We’re using the filter(), select(), and distinct() functions to do three different things to the same object, FMR_RuCo.

Specifically:

The “pipe operator,” which looks like this: %>%, is a gift from the dplyr package that lets you string together chains of functions like this. The dplyer package is part of the tidyverse package loaded at the start of the script. If you don’t like using it, you could get the same things accomplished by using each function separately. But the code will be longer and more complex:

FMR_RuCo <- FMR

FMR_RuCo <- filter(
  FMR_RuCo,
  ZIP.Code == "37127" |
    ZIP.Code == "37128" |
    ZIP.Code == "37129" |
    ZIP.Code == "37130" |
    ZIP.Code == "37132" |
    ZIP.Code == "37085" |
    ZIP.Code == "37118" |
    ZIP.Code == "37149" |
    ZIP.Code == "37037" |
    ZIP.Code == "37153" |
    ZIP.Code == "37167" |
    ZIP.Code == "37086")

FMR_RuCo <- select(FMR_RuCo,
                   c("ZIP.Code",
                     "SAFMR.0BR",
                     "SAFMR.1BR",
                     "SAFMR.2BR",
                     "SAFMR.3BR",
                     "SAFMR.4BR"))

FMR_RuCo <- distinct(FMR_RuCo)

Renaming columns

The column names HUD picked are kind of awkward: “SAFMR.0BR” stands for “Small-Area Fair Market Rent, 0 Bedrooms.” But something simpler would be better. This code uses the colnames() function to give each column a newer, simpler name:

colnames(FMR_RuCo) <- c("ZIP", "Studio", "BR1", "BR2", "BR3", "BR4")

Making the table

This final part of the code uses some code from the gt package, which is responsible for making the nice table used to display the rent estimates. But even this code is just an arrangement of an object, some functions and their arguments:

# ----------------------------------------------------------
# Basic GT table
# ----------------------------------------------------------

FMR_RuCo_table <- gt(FMR_RuCo) %>%
  tab_header(title = "Rutherford FMR, by size and ZIP") %>%
  cols_align(align = "left")

FMR_RuCo_table

Order matters!

It’s important to realize that much of what happens in the script has to happen in the order shown, starting with the top of the script.

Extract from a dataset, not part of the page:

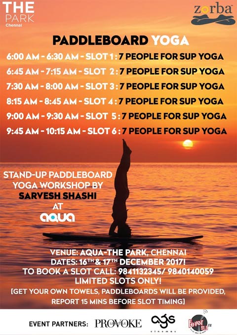 Zorba conducting biggest events called Paddleboard Yoga by Zorba, in Chennai this weekend (16th & 17th Dec 2017), in The Park Hotels, Chennai.
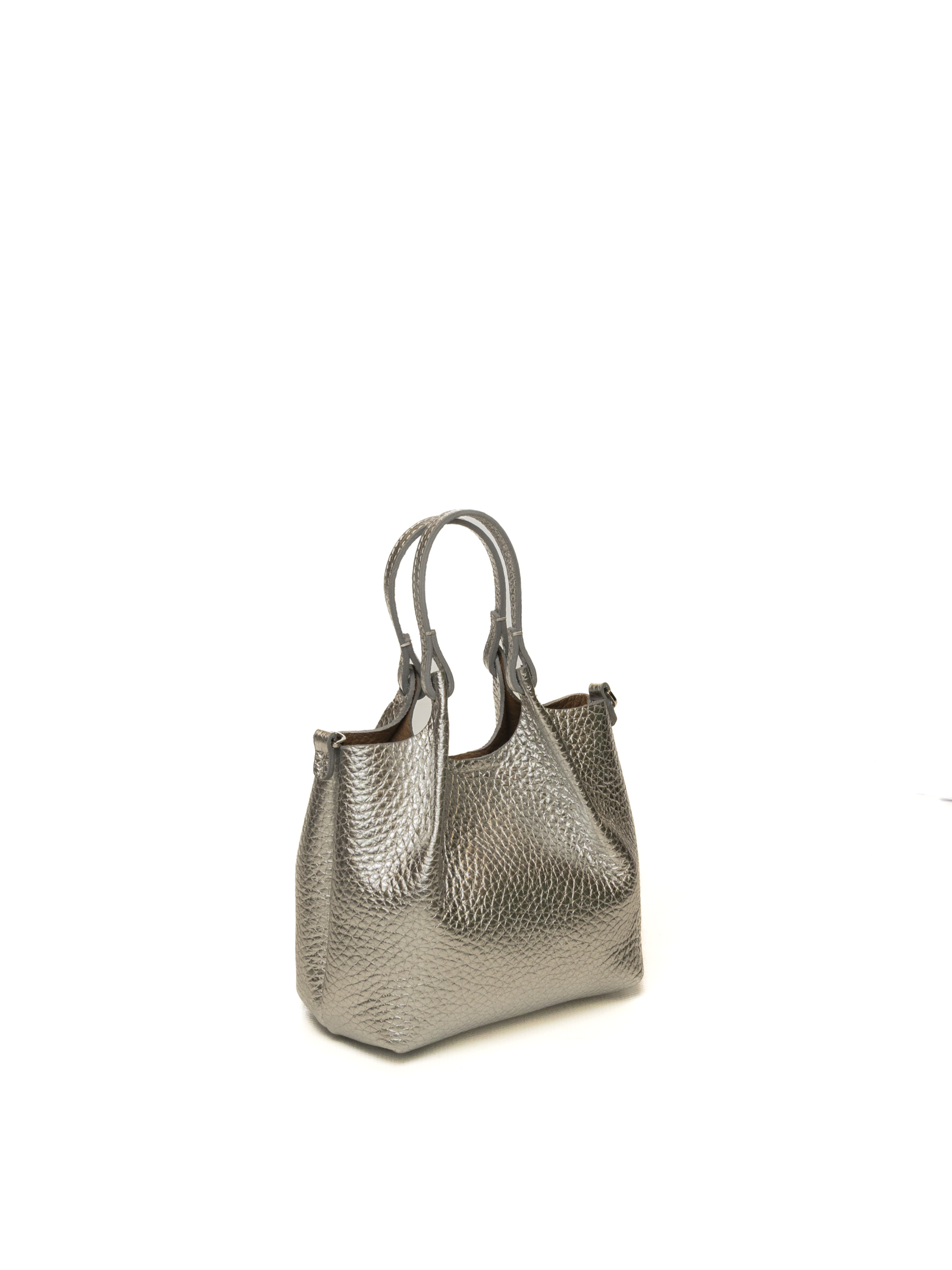 The bag features a single, unlined compartment that enhances its lightness and softness. Featuring hammered leather trim and matching double handles, it offers three carry options: it can be elegantly carried by hand, over the shoulder, or crossbody, thanks to the adjustable and removable shoulder strap included.

… and on it goes, with the script ensuring that everything needed to complete a line of code has already been made available to R by one or more preceding lines of code.

Do indentation and spacing matter?

Generally, no. R doesn’t really care about either. Coders indent and space their code mainly to make it look neat and organized. Lines that present arguments, for example, get indented under the line that contains the function they are part of.

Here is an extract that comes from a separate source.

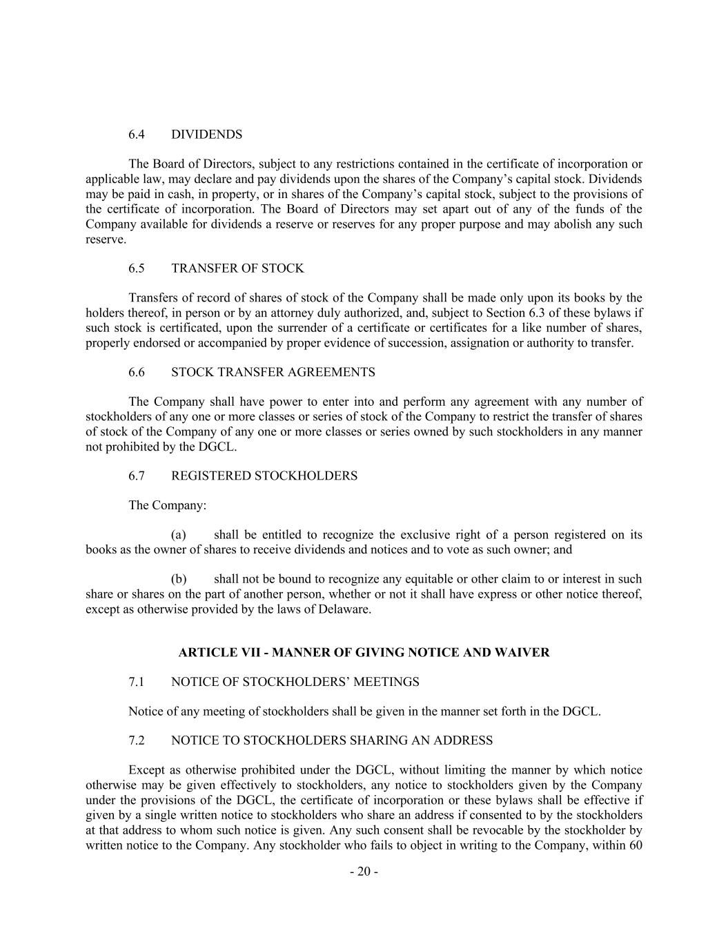 - 20 - 6.4 DIVIDENDS The Board of Directors, subject to any restrictions contained in the certificate of incorporation or applicable law, may declare and pay dividends upon the shares of the Company’s capital stock. Dividends may be paid in cash, in property, or in shares of the Company’s capital stock, subject to the provisions of the certificate of incorporation. The Board of Directors may set apart out of any of the funds of the Company available for dividends a reserve or reserves for any proper purpose and may abolish any such reserve. 6.5 TRANSFER OF STOCK Transfers of record of shares of stock of the Company shall be made only upon its books by the holders thereof, in person or by an attorney duly authorized, and, subject to Section 6.3 of these bylaws if such stock is certificated, upon the surrender of a certificate or certificates for a like number of shares, properly endorsed or accompanied by proper evidence of succession, assignation or authority to transfer. 6.6 STOCK TRANSFER AGREEMENTS The Company shall have power to enter into and perform any agreement with any number of stockholders of any one or more classes or series of stock of the Company to restrict the transfer of shares of stock of the Company of any one or more classes or series owned by such stockholders in any manner not prohibited by the DGCL. 6.7 REGISTERED STOCKHOLDERS The Company: shall be entitled to recognize the exclusive right of a person registered on its books as the owner of shares to receive dividends and notices and to vote as such owner; and shall not be bound to recognize any equitable or other claim to or interest in such share or shares on the part of another person, whether or not it shall have express or other notice thereof, except as otherwise provided by the laws of Delaware. ARTICLE VII - MANNER OF GIVING NOTICE AND WAIVER 7.1 NOTICE OF STOCKHOLDERS’ MEETINGS Notice of any meeting of stockholders shall be given in the manner set forth in the DGCL. 7.2 NOTICE TO STOCKHOLDERS SHARING AN ADDRESS Except as otherwise prohibited under the DGCL, without limiting the manner by which notice otherwise may be given effectively to stockholders, any notice to stockholders given by the Company under the provisions of the DGCL, the certificate of incorporation or these bylaws shall be effective if given by a single written notice to stockholders who share an address if consented to by the stockholders at that address to whom such notice is given. Any such consent shall be revocable by the stockholder by written notice to the Company. Any stockholder who fails to object in writing to the Company, within 60

RStudio will do some indentation for you automatically as you type your code. If it gets messy nonetheless (it often does), RStudio will tidy it up for you. Just highlight the code you want to tidy, click Code / Reformat Selection. Beautiful magic will occur. No matter how haphazard the spacing was, RStudio will align everything perfectly.

In-class exercise

Open an AI assistant, type, “Below is an R script. List every function included in the script, and explain what the function and each of its arguments are doing,” paste the entire script, above, and press “Enter.”

Take a few minutes to examine the response you get. Does the script make more sense now? I hope so. If there’s something you don’t understand, ask your AI assistnat for clarification. If your AI assistant suggested any interesting-sounding tweaks or additions, go ahead and try them out. Don’t worry - you’re not going to break anything.

Show me the response your AI assistant generated and the assistant’s response to at least one follow-up question you asked or at least one coding tweak you tried. I just want to see evidence that you were able to engage with the assistant in some way. Once you have shown me that, you are free to leave.